Comer, likely to become the next chair of the House Oversight Committee, told NBC’s “Meet the Press” on Sunday that Trump “certainly needs better judgment in who he dines with.”
Senate Majority Leader Chuck Schumer, D-N.Y., tore into Trump in remarks on the Senate floor on Monday.
"For a former president to sit down and have dinner with a high profile antisemite is disgusting and dangerous," Schumer, the first Jewish Senate Majority Leader, said, adding: "I vociferously condemn the former president's decision to meet with this antisemite and urge my colleagues on both sides of the aisle to do the same."
Some Democrats called out the silence from Republican leaders.
"If Kevin McCarthy cannot denounce Trump dining with a White Supremacist then we are in for a hell of a ride if McCarthy becomes Speaker," tweeted Rep. Eric Swalwell, D-Calif. "The lunatics in his Conference will run the Congress."
President Joe Biden held back when asked about the Trump dinner while spending the weekend in Nantucket, Massachusetts, saying, "You don’t want to know what I think."
Trump posted multiple times on his Truth Social platform about the meeting over the holiday weekend.
On Friday, he called the dinner “quick and uneventful.”
Hours later, he wrote that Ye asked him for business advice and that they spoke “to a lesser extent” about politics. Trump said he and Ye “got along great and that the rapper “expressed no anti-Semitism.” The former president reiterated that he didn’t know Fuentes.
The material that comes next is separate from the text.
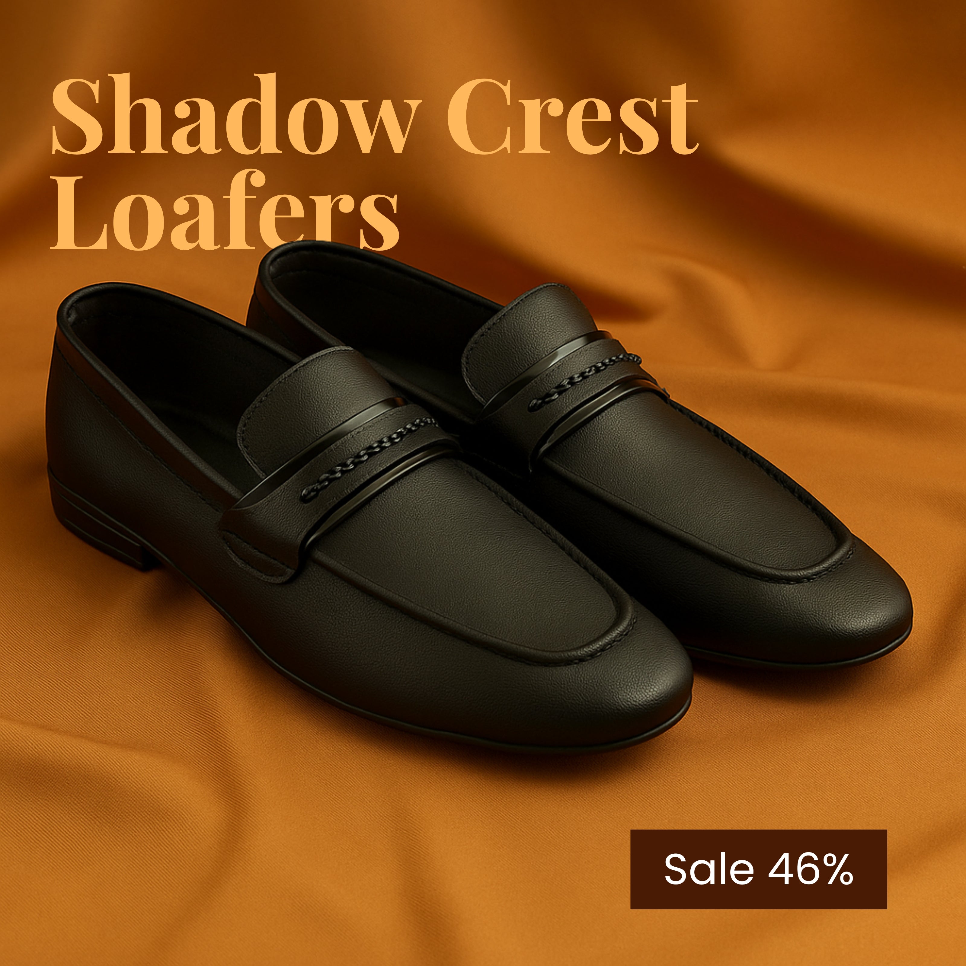 Command attention with understated elegance in the Shadow Crest Loafers. Designed with a rich, textured black upper and accented by a braided strap detail with a glossy metal finish, these loafers offer a refined balance of classic style and modern flair. The soft inner lining and cushioned footbed provide long-lasting comfort, while the durable sole ensures confident steps from office to evening outings.

Then on Saturday, Trump called Ye “a seriously troubled man, who just happens to be black, Ye (Kanye West), who has been decimated in his business and virtually everything else, and who has always been good to me, by allowing his request for a meeting at Mar-a-Lago, alone, so that I can give him very much needed ‘advice.’”
Trump did not condemn the views of Fuentes or Ye in his posts.
According to the Southern Poverty Law Center, Fuentes is a white nationalist livestreamer and an outspoken admirer of fascists such as Benito Mussolini. The 24-year-old has made a number of antisemitic comments, has questioned that the Holocaust happened, has attended the 2017 “Unite the Right” rally in Charlottesville, Virginia, and was near the U.S. Capitol on Jan. 6, 2021.
Ye has been under fire in recent weeks over a series of antisemitic comments he has made, leading to social media companies locking him out of his accounts and Adidas terminating its partnership with him.
In a video posted on social media describing the dinner conversation, Ye said he asked Trump to be his running mate in the 2024 presidential election, which Trump was “perturbed about,” according to the rapper.
Ye claimed Trump “started basically screaming at me at the table telling me I was going to lose.”
The rapper also implied that Trump made a derogatory about Ye’s ex-wife, Kim Kardashian, and that the former president “is really impressed with Nick Fuentes.”
Trump has faced criticism before about not forcefully denouncing white nationalism.
Most notably, he said there were “very fine people” involved in the 2017 neo-Nazi and white supremacist rally in Charlottesville, Virginia.
And when pressed during a 2020 presidential debate to condemn white supremacists and militia groups, Trump responded by ambiguously telling the Proud Boys to “stand back and stand by,” which the far-right group’s members celebrated and took as an endorsement of their tactics.